Please retype the entries below exactly, only from their first line through the line containing "Content validity ratio (CVR) formula.", leaving every picture out.

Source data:
__________________________________________________

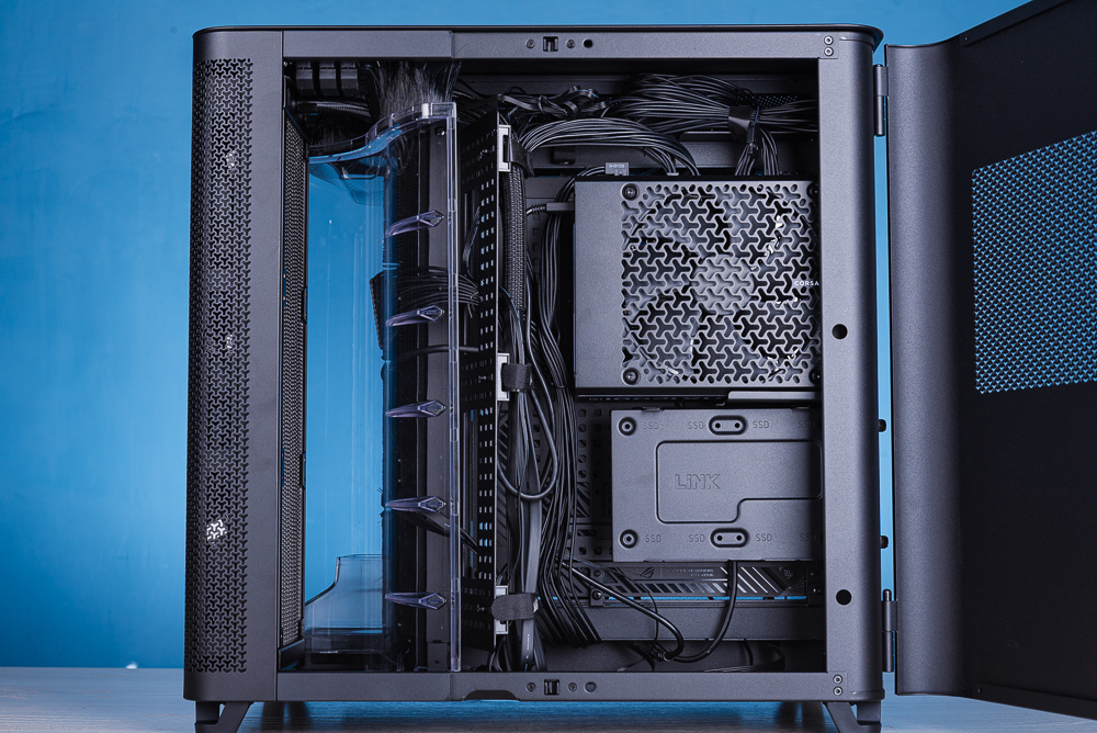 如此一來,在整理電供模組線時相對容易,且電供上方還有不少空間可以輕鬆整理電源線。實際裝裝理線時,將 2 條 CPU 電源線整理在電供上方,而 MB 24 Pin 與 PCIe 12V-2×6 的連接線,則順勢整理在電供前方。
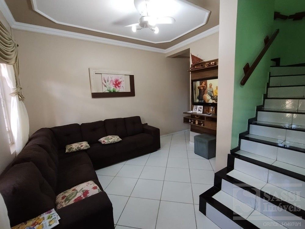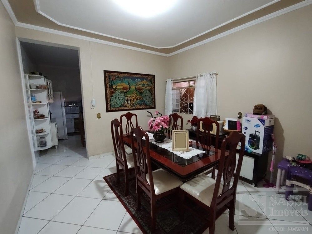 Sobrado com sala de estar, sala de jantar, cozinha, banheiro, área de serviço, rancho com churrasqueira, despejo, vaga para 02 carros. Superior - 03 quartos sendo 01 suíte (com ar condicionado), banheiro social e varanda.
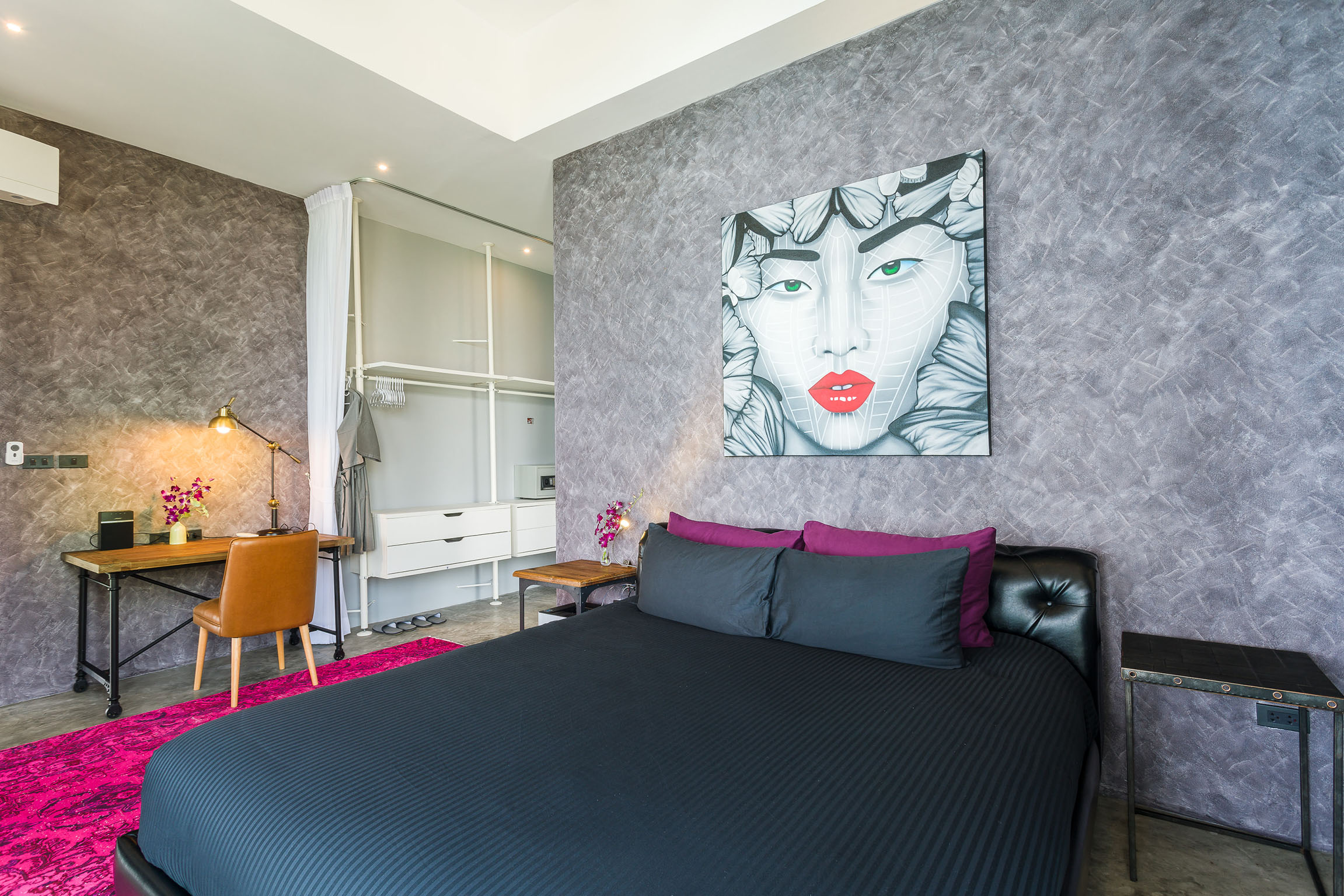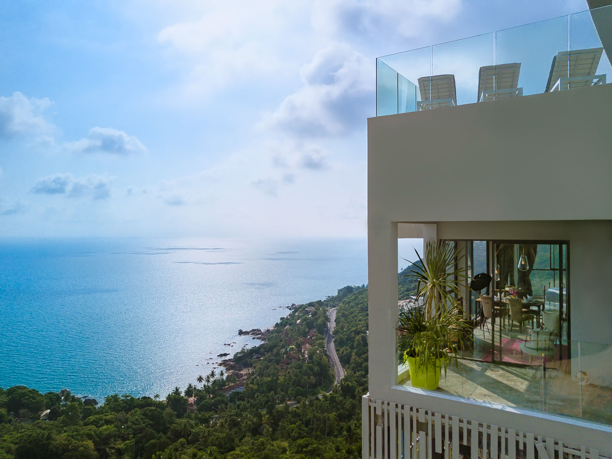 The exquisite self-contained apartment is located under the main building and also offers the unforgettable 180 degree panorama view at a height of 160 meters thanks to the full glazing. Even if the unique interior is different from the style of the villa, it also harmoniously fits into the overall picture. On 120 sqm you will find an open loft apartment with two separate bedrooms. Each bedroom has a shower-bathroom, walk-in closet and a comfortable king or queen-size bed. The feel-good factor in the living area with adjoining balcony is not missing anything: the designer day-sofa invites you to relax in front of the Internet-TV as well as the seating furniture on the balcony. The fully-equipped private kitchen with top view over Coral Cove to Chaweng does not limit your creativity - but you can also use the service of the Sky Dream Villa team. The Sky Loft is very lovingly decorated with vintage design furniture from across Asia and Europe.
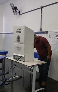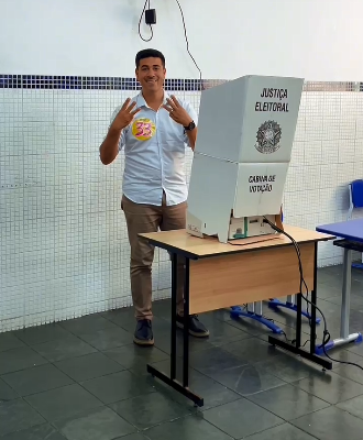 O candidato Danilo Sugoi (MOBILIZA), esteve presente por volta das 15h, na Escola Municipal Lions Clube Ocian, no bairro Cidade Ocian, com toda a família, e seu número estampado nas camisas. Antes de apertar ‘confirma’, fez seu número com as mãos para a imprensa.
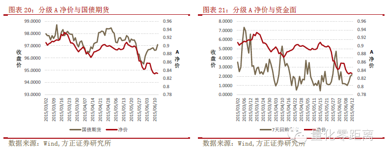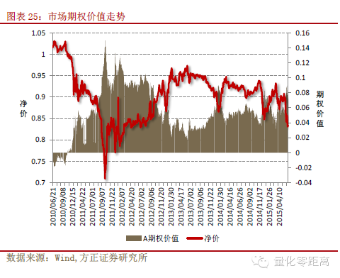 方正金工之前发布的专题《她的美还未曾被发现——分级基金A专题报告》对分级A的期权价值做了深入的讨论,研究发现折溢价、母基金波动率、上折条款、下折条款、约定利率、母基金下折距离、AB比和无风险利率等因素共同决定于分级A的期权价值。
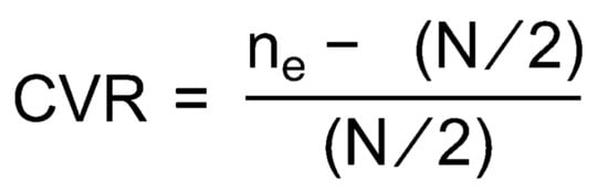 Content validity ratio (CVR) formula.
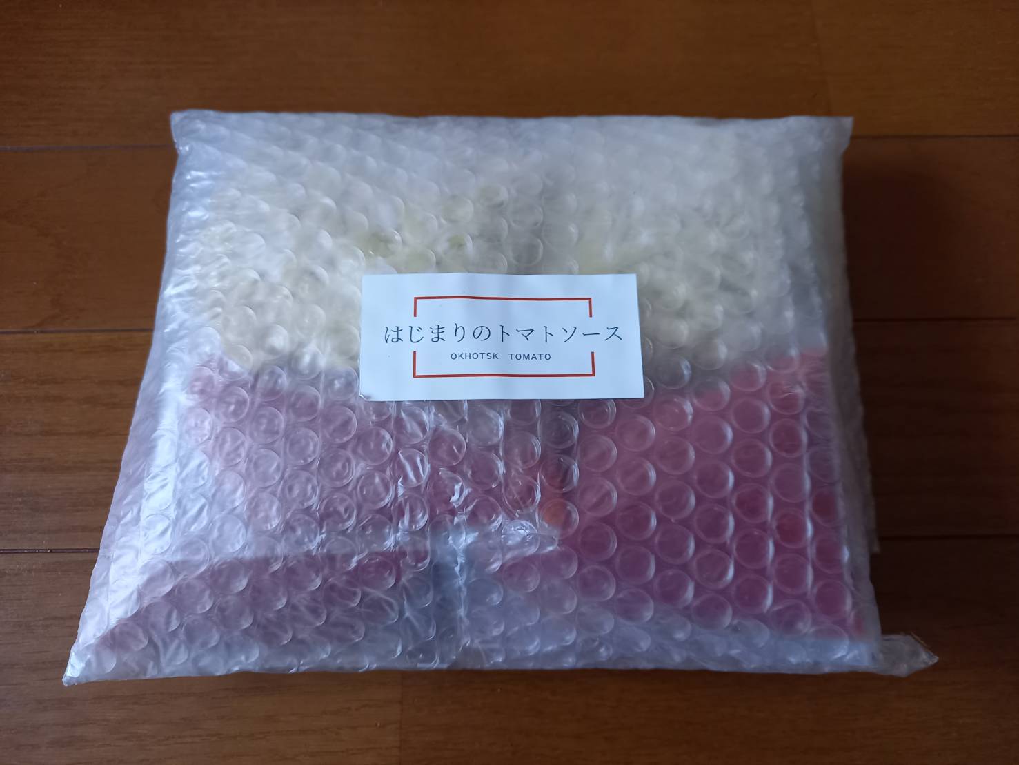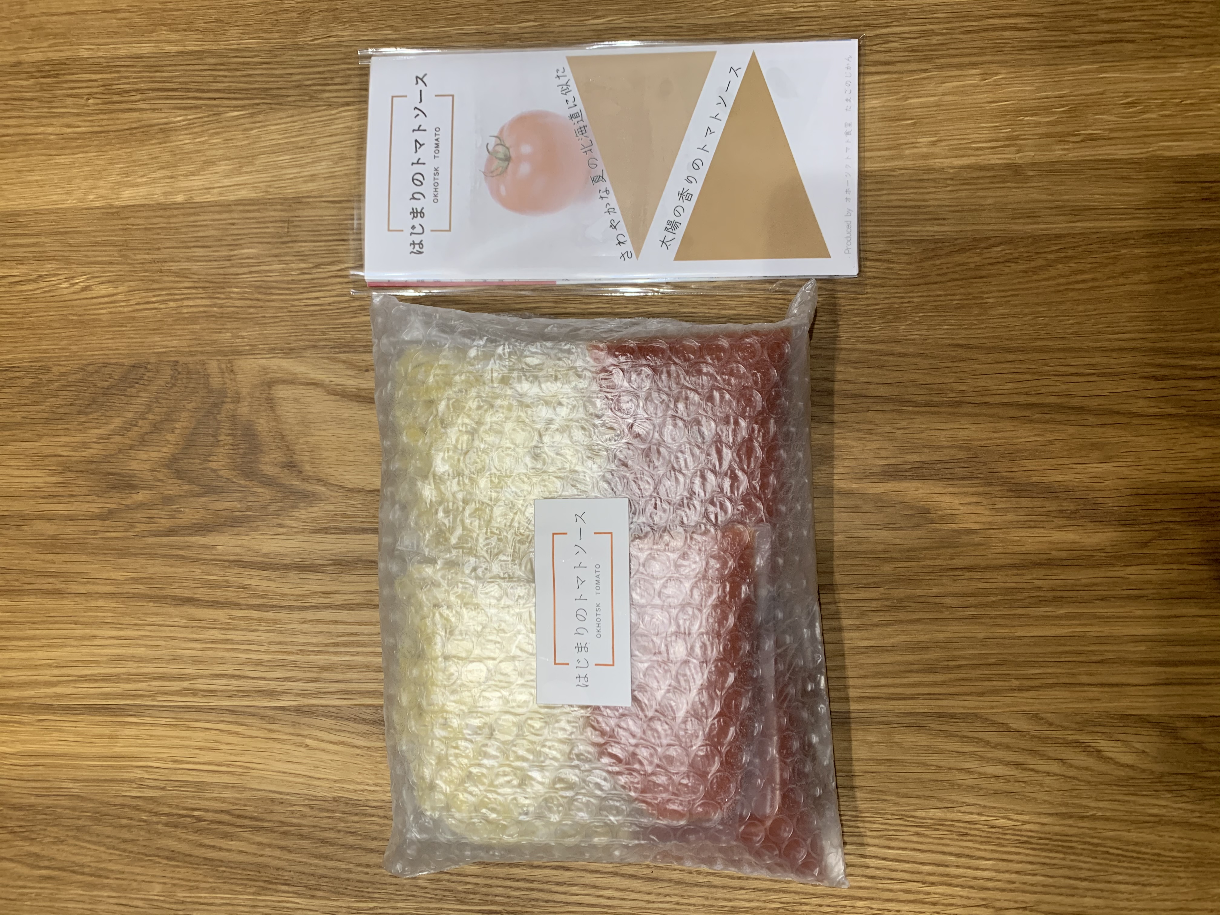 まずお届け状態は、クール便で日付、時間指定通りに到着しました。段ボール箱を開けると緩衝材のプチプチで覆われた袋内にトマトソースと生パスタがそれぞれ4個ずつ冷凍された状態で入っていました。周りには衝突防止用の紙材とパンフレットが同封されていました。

__________________________________________________

- _Result_
 如此一來,在整理電供模組線時相對容易,且電供上方還有不少空間可以輕鬆整理電源線。實際裝裝理線時,將 2 條 CPU 電源線整理在電供上方,而 MB 24 Pin 與 PCIe 12V-2×6 的連接線,則順勢整理在電供前方。
 Sobrado com sala de estar, sala de jantar, cozinha, banheiro, área de serviço, rancho com churrasqueira, despejo, vaga para 02 carros. Superior - 03 quartos sendo 01 suíte (com ar condicionado), banheiro social e varanda.
 The exquisite self-contained apartment is located under the main building and also offers the unforgettable 180 degree panorama view at a height of 160 meters thanks to the full glazing. Even if the unique interior is different from the style of the villa, it also harmoniously fits into the overall picture. On 120 sqm you will find an open loft apartment with two separate bedrooms. Each bedroom has a shower-bathroom, walk-in closet and a comfortable king or queen-size bed. The feel-good factor in the living area with adjoining balcony is not missing anything: the designer day-sofa invites you to relax in front of the Internet-TV as well as the seating furniture on the balcony. The fully-equipped private kitchen with top view over Coral Cove to Chaweng does not limit your creativity - but you can also use the service of the Sky Dream Villa team. The Sky Loft is very lovingly decorated with vintage design furniture from across Asia and Europe.
 O candidato Danilo Sugoi (MOBILIZA), esteve presente por volta das 15h, na Escola Municipal Lions Clube Ocian, no bairro Cidade Ocian, com toda a família, e seu número estampado nas camisas. Antes de apertar ‘confirma’, fez seu número com as mãos para a imprensa.
 方正金工之前发布的专题《她的美还未曾被发现——分级基金A专题报告》对分级A的期权价值做了深入的讨论,研究发现折溢价、母基金波动率、上折条款、下折条款、约定利率、母基金下折距离、AB比和无风险利率等因素共同决定于分级A的期权价值。
 Content validity ratio (CVR) formula.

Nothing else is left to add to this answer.